* EXERCISE OBJECTIVE
Please print exactly the lines from the one containing "Cute japanese schoolgirl" through the last line of the records, and only those. Leave out any pictures.
RECORDED DATA below:
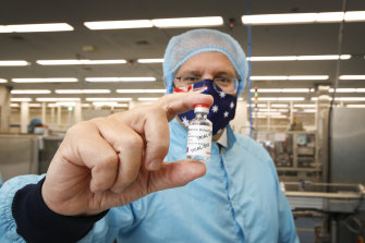 PM Scott Morrison visits CSL’s facility in Melbourne in February. The federal government has missed its vaccine rolllout targets.Credit:Getty
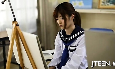 Cute japanese schoolgirl gets screwed in plenty of positions
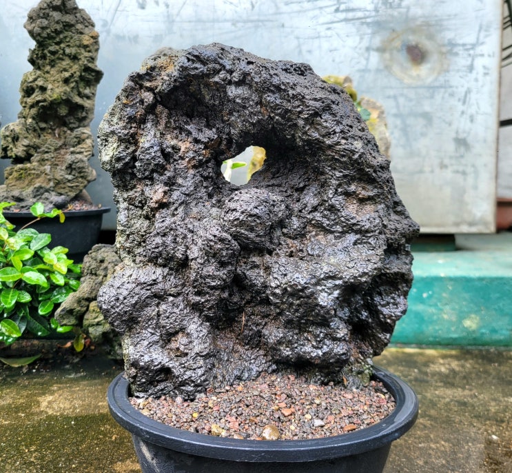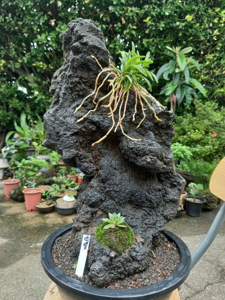 오늘 제주 장맛비가 잠시 소강한 틈을 타서 제주석에 풍란 석부작 한 점 작업제주석 사이즈 화분 높이...
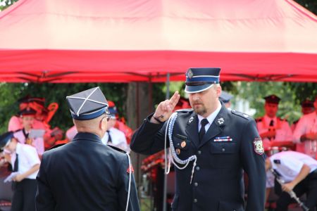 Po odebraniu meldunku przez dh Stanisława Święcha, członka Zarządu Głównego Związku OSP RP poczet flagowy w osobach druhów: Bartłomieja Borkowskiego, Kacpra Najdeckiego oraz Szymona Florka podniósł na maszt flagę państwową, rozpoczynając część oficjalną.
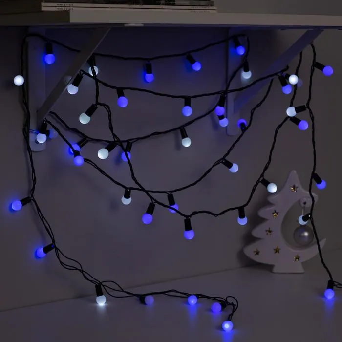 Гирлянда «Нить» 20 м с насадками «Шарики 1.5 см», IP44, тёмная нить, 200 LED, свечение бело-синее, мигание, 220 В
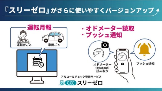 今回、アルコール検知器対応数No.1(※4)の『スリーゼロ』の運転日誌機能に、多くのお客様よりご要望があった月報作成機能を追加し、簡単に月報を作成することが可能となりました。また、運転日誌の記録に不可欠な走行距離の記録を、OCR読み取り機能の活用で実現。スマホのカメラでオドメーターの数値を読み取ることで、運転日誌に自動入力できるようになりました。さらに、運転者用アプリがスマホのプッシュ通知にも対応。運転者へメッセージ通知が可能になりました。
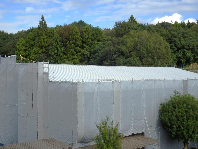 体育館の屋根塗装修繕工事は、錆の除去がほぼ完了しました。
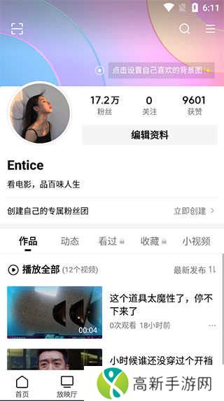 6、我的页面,查看账号信息、个人作品、还可以创建专属粉丝团。
End of RECORDED DATA.
* ANSWER TO THIS EXERCISE
 Cute japanese schoolgirl gets screwed in plenty of positions
 오늘 제주 장맛비가 잠시 소강한 틈을 타서 제주석에 풍란 석부작 한 점 작업제주석 사이즈 화분 높이...
 Po odebraniu meldunku przez dh Stanisława Święcha, członka Zarządu Głównego Związku OSP RP poczet flagowy w osobach druhów: Bartłomieja Borkowskiego, Kacpra Najdeckiego oraz Szymona Florka podniósł na maszt flagę państwową, rozpoczynając część oficjalną.
 Гирлянда «Нить» 20 м с насадками «Шарики 1.5 см», IP44, тёмная нить, 200 LED, свечение бело-синее, мигание, 220 В
 今回、アルコール検知器対応数No.1(※4)の『スリーゼロ』の運転日誌機能に、多くのお客様よりご要望があった月報作成機能を追加し、簡単に月報を作成することが可能となりました。また、運転日誌の記録に不可欠な走行距離の記録を、OCR読み取り機能の活用で実現。スマホのカメラでオドメーターの数値を読み取ることで、運転日誌に自動入力できるようになりました。さらに、運転者用アプリがスマホのプッシュ通知にも対応。運転者へメッセージ通知が可能になりました。
 体育館の屋根塗装修繕工事は、錆の除去がほぼ完了しました。
 6、我的页面,查看账号信息、个人作品、还可以创建专属粉丝团。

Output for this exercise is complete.